Tuesday, March 16, 2010

The Veal Thing

When Elaine Boland's second youngest daughter was 6, she began gaining weight at a rate so differently than her four sisters that her mother worried. Her energy waned, she had pain in her joints and headaches; some days she "shuffled like a little old man." Doctors said it was just a matter of exercise and diet; one even suggested the girl was getting into her mom's birth control pills ("C'mon. Really?" says the Catholic mother of 5).

So Boland, a farmer, took matters into her own hands. She began growing their own food on her farm, Fields of Athenry in Purcellville, VA,  feeding her family straight from the earth. "If it doesn't rot, don't eat it," became their mantra.

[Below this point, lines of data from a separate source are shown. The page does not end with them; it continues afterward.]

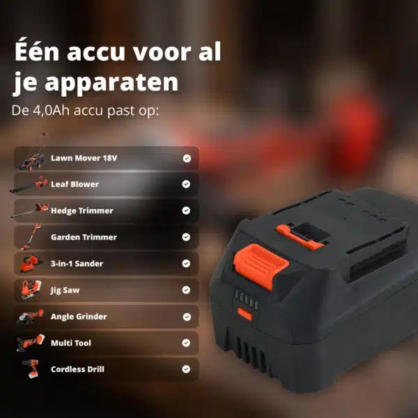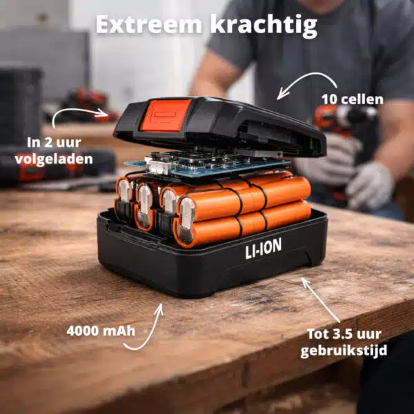 – 20V Li-ion accu met 4000 mAh capaciteit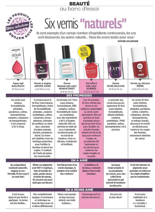 "Une formulation 10-free offrant une tenue et brillance comparable au vernis semi-permanant. Elle est enrichie en huile d'amande douce qui lui permet de ne pas s'écailler, en extrait d'acides aminés de blé et de soja pour renfocer l'ongle, en provotamines B5 hydratante et en silicium pour renforcer les ongles fragiles et cassants." Vernis Gel Effect, 9,90 les 11ml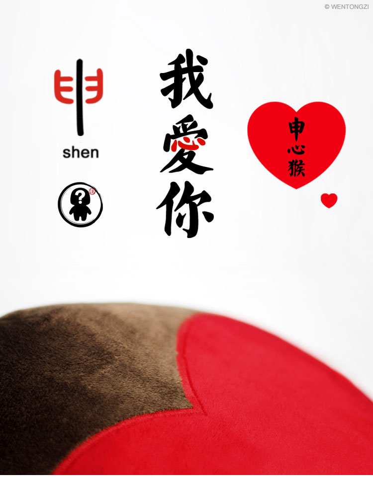 深情的猴子 创意可爱心形猴子公仔 - 小号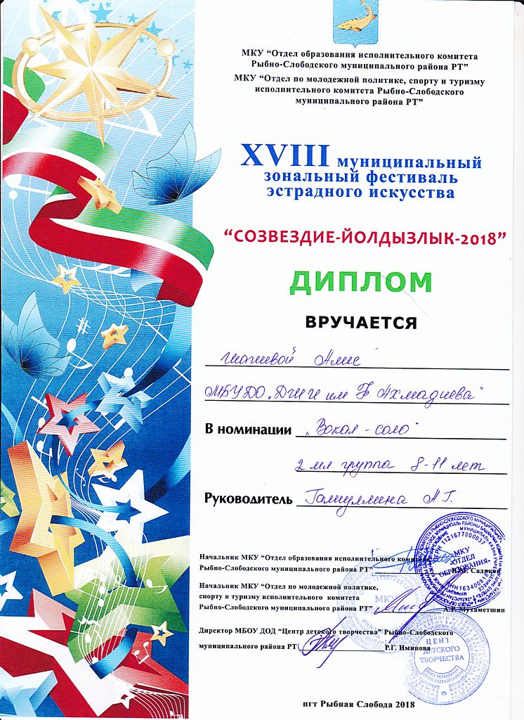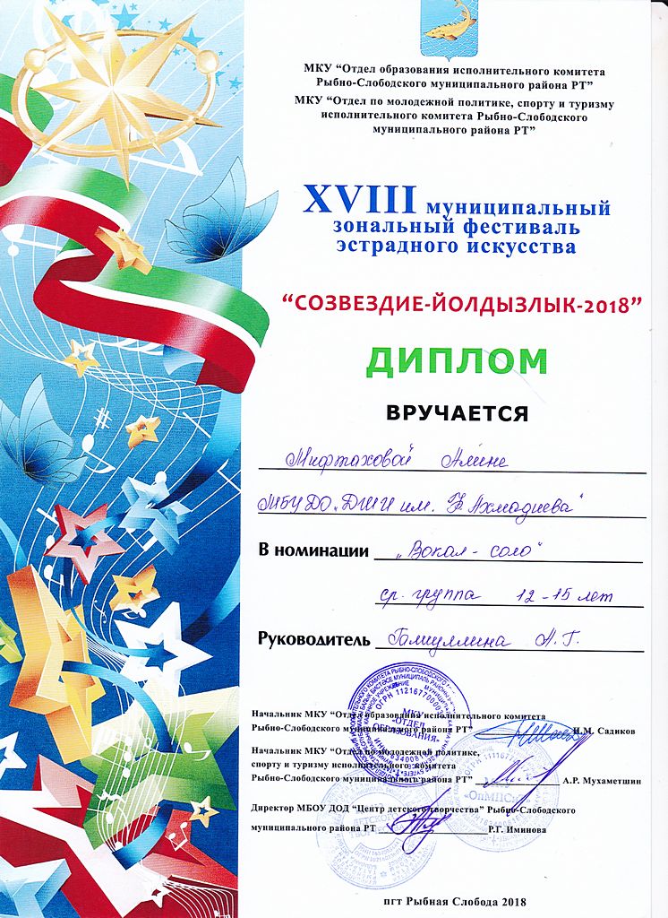 Мифтахова Алина - Диплом участника муниципального этапа XVIII-го Открытого республиканского телевизионного молодежного фестиваля эстрадного искусства«Созвездие-Йолдызлык-2018» в номинации "Вокал-соло.Средняя группа 12-15 лет "(февраль 2018г.)

 "We've gotten so far removed from our food sources that we don't even recognize our food," says Boland, a tall, very present woman with a sweep of red gold hair and cowboy boots. "If we would take yesteryear's food in combination with today's medicine, much of the whole health care drama would go away. We could fix adult diabetes, a good deal of depression, sleeping patterns -- and doctors could focus on real illness."

Seven years and brain surgery later, doctors finally diagnosed Cushing's disease, an imbalance of the thyroid that creates unstable cortisol levels, which control energy. But in the meantime Boland has created a utopia of fresh, local goods which she now hopes can help others to find their way back to real food.

When you pull up to Fields of Athenry, you just might see a small lamb trying to go home with a shopper. Inside the retail space around back, goodies galore. Raw milk cheeses, Amish butter. Meat from cows, pigs and sheep raised on pasture, processed weekly to exacting standards. Fridges full of cuts of meat that fill my head with fancies.

First stop, ossobuco. The famous Italian dish made with veal shanks, so hard to come by around these parts, unless one plans ahead and orders them from the butcher (not my strong suit). But here they were, fat, juicy, local, pasture raised veal shanks, for the taking.

Oh my.

Adapted from The Best of Italy (This is one of those pretty little cookbooks that friends and mothers pick up at the register at bookstores to shove in your stocking. I have tried umpteen Ossobuco recipes, from Rao to Batali and back, and this is the most simple, most reliable I've found.)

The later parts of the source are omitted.